538 spy castle warfare solution

See the following for riddle explanation & context: https://fivethirtyeight.com/features/how-much-is-a-spy-worth-in-a-warring-riddler-nation/

1. There will be at most one tie. (Grumble grumble tie rule adding extra complexity.) If there are two or more ties, move 1 soldier from the least important castle to the most important castle, yielding a strictly better score and 2 fewer ties. Additionally, if there is a tie, it will be for the least important castle - move 1 soldier from the weaker winning castle to the higher tying castle to get a strictly better score.

2. There's no point in "over" winning given these rules. So there's no need to examine winning combinations that defeat an "extra" castle for honor. Winning castle combinations can thus be reduced to "minimal" ones where the loss of ANY castle causes loss of the game. 28 points is the goal (out of 55). Some winning positions score more than 28, but never when taking / tying low-score castles.

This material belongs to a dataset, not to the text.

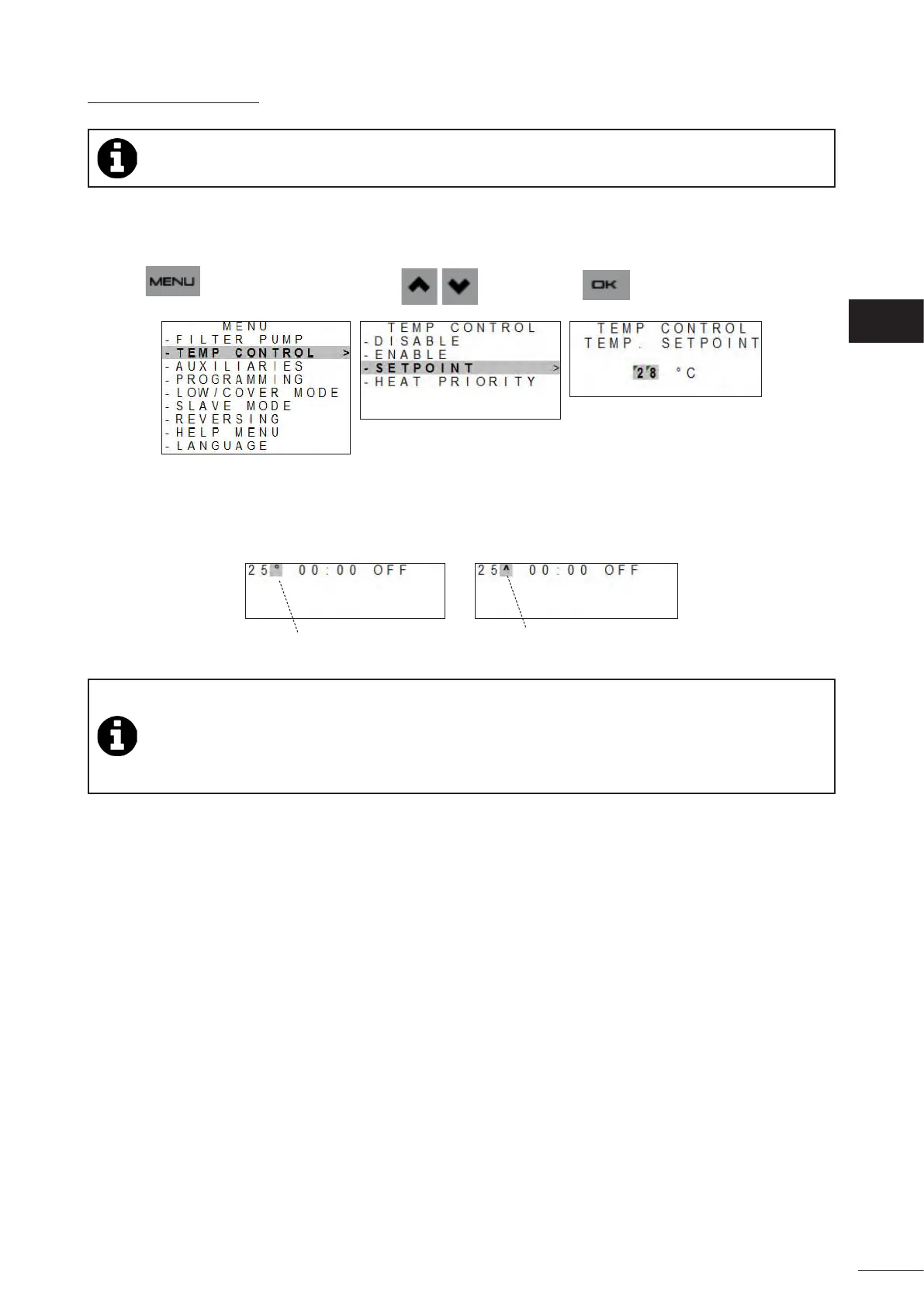 Congure the desired water temperature setpoint. The default value is 28°C.This value can be set between 15 and 32

3. Given 1 & 2, I wrote a Python script to produce all the possible "minimal" winning sets, of which there were 77. (calculateWinOptions())

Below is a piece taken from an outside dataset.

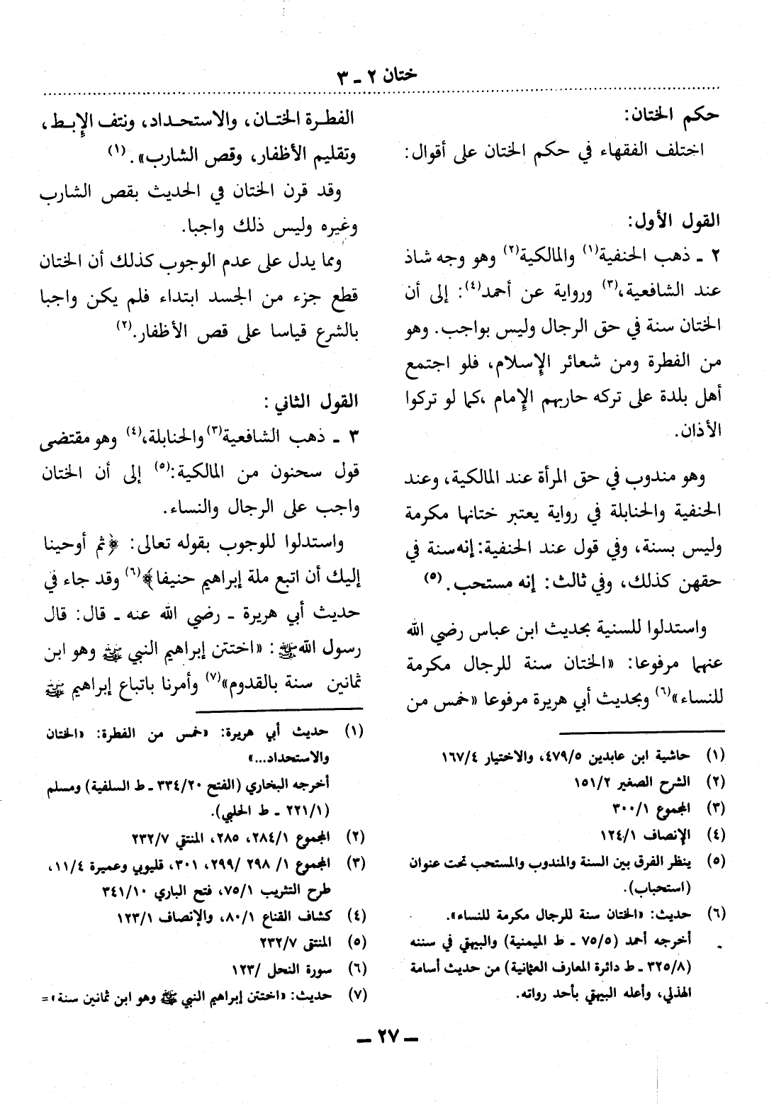 اخْتَلَفَ الْفُقَهَاءُ فِي حُكْمِ الْخِتَانِ عَلَى أَقْوَالٍ:

4. Given the number of possible winning sets, this can be applied to a defender formation to score it. Go through all the possible castle conquests from #3, calculate the soldiers required to beat the defender formation using that strategy, then take the minimum value, which is the most efficient strategy that uses the fewest # of soldiers. (scoreDefense())

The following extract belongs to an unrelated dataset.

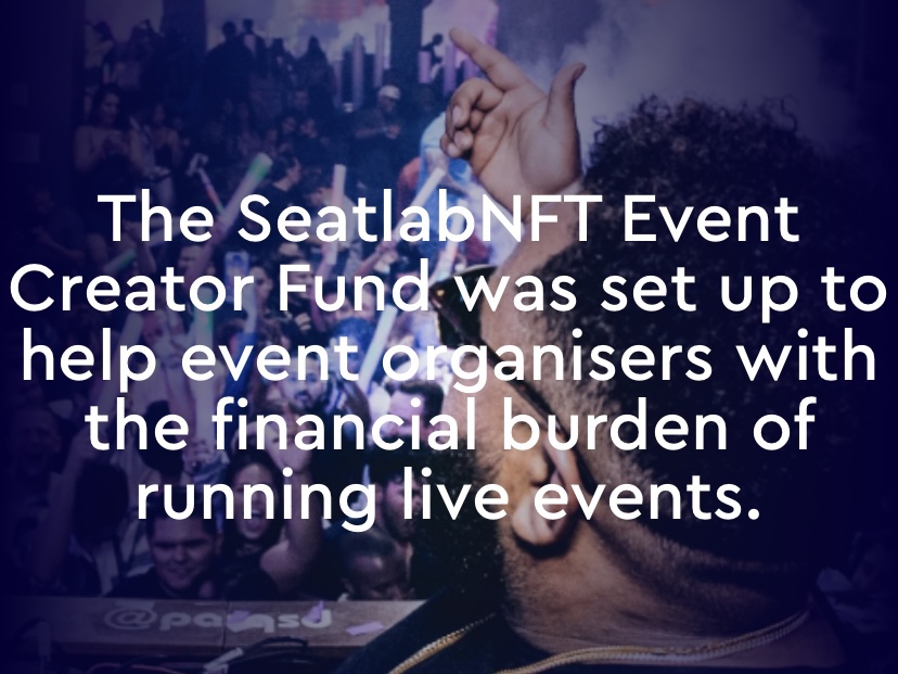 Applications can be made via https://www.seatlabnft.com/event-creator-fund and will be assessed on a case-by-case basis. Applicants will be asked to provide detailed information about their event, including any venue contracts and artist agreements.

5. From a defender's perspective, I highly doubt it ever makes sense to not use a monotonically increasing number of soldiers. Why would you ever want to guard castle 10 less than castle 9? Barring some discrete math weirdness, it seems strictly optimal to guard higher-value castles more.

6. In the "continuous" case, where the defender had billions of soldiers and there were 55 castles of value 1, it's pretty clear to see that there's no point in getting fancy: each castle should be guarded the same amount, and failing to do this is just free points for your opponent. For example, abandoning 40% of your castles and spreading the rest of your forces among the remaining 60% allows an attacker to use defeat just 1/6 (17%) of your forces to win. Spreading equally means the attacker needs 50.1% of your strength.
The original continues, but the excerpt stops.